When management is adapted to cope with climate change, whilst there remains a high probability of negative impacts in the WA and SA sites there is some significant amelioration of the adverse effects. For example, in Wongan Hills, there is a 39% chance of yields above current levels (Fig 13a) whereas this was only 3% with no adaptations used. Mean value of production is $45M higher than when no adaptations are used. In eastern Australia, adaptations result in consistently higher probability of positive outcomes in value of production. For example, in Dalby, adaptation adds a mean of $10M/year to value of wheat production (e.g Fig 13b). Investment in adaptive strategies appears to provide a large pay-off.

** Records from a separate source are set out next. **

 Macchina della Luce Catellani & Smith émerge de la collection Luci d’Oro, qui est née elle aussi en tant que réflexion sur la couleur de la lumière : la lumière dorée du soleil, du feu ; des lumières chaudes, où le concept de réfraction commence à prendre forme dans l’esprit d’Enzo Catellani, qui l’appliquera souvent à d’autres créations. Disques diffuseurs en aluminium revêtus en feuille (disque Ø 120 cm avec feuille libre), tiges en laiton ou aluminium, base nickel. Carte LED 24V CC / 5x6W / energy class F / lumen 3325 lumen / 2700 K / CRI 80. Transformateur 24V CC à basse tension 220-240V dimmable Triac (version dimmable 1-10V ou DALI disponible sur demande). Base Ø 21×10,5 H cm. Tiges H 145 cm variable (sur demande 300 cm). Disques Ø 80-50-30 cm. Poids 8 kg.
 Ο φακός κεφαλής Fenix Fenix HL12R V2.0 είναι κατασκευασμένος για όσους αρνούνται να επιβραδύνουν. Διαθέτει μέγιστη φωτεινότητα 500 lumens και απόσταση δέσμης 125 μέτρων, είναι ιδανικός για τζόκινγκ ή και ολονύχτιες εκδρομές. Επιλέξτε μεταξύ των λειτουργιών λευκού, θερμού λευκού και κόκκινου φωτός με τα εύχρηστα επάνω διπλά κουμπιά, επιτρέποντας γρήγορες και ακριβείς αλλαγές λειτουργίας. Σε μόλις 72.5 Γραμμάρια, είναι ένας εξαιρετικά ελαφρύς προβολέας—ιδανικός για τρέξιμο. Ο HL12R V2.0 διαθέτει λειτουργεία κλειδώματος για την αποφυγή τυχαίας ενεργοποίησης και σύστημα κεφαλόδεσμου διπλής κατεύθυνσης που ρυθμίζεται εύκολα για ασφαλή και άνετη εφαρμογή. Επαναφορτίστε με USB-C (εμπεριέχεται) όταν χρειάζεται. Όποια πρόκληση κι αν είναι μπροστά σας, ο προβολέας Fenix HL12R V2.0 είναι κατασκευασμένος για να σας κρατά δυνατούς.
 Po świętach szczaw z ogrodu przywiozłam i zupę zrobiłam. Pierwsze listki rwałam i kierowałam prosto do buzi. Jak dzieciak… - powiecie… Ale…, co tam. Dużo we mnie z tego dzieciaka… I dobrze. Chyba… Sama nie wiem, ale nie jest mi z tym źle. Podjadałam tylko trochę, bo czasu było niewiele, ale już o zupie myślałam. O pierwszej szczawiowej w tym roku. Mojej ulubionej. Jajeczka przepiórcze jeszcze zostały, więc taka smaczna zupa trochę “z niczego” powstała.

Fig. 13 Change in value of wheat production for a) Wongan Hills and b) Dalby for the year 2070 under CO2 and climate change when adaptations are practiced.
Fig. 14 Change in regional production (%) and value of production ($M) for the year 2030 compared with current levels for Wongan (a,b) and Dalby (c,d).

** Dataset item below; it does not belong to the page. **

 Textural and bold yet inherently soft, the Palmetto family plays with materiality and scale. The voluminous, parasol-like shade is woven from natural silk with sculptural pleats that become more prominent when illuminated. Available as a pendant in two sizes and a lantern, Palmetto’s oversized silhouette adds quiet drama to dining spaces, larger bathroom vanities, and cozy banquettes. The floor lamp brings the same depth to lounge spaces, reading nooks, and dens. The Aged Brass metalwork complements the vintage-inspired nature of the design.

There are potential impacts of global change evident in the year 2030 scenarios. Regional grain production in Wongan Hills could reduce by a mean of -3% with only a moderate probability (about 35%) that it may be higher than current levels (Fig. 14a). Value of production may also fall by an average of $25M (Fig 14b) with only a small likelihood of increases (13%). In contrast, mean yields and value of production in Dalby could increase by 7% with only a small chance (7 - 13%) of being below current levels (Fig. 14c,d).
National grain production may be higher than current levels (Fig. 15, Table 4) with a mean of (3%). There is only a 12% chance of it being below current levels. Mean value of production (Fig. 16) may increase by about $19M/year with a 32% chance of being below current levels. However, as with the year 2070 scenarios, the skewed relationship gives positive outcomes limited to about $150M/year whilst the negative outcomes range to below $250M/year albeit with low probability. In contrast, value of wheat exports may fall (Fig. 17) by a mean of $82M for the ABS mid-range population scenario with a 91% chance of being below current levels. This is largely due to an increase in domestic consumption of wheat as a result of population growth which reduces exports on average by $63M/year. Under the alternative population scenarios, mean exports may fall by between $60 and $114M/year.
Fig. 15 Change in national production (%) for the year 2030 from current levels as a result of increase in CO2 and change in temperature and rainfall.
Fig. 16 Change in value of national wheat production ($M) in the year 2030 from current levels as a result of increase in CO2 and change in temperature and rainfall.
Fig. 17 Change in value of wheat exports ($M) for the year 2030 when compared with current levels as a result of increase in CO2 and change in temperature and rainfall as well as mid-range projections of population change and other industry consumption change.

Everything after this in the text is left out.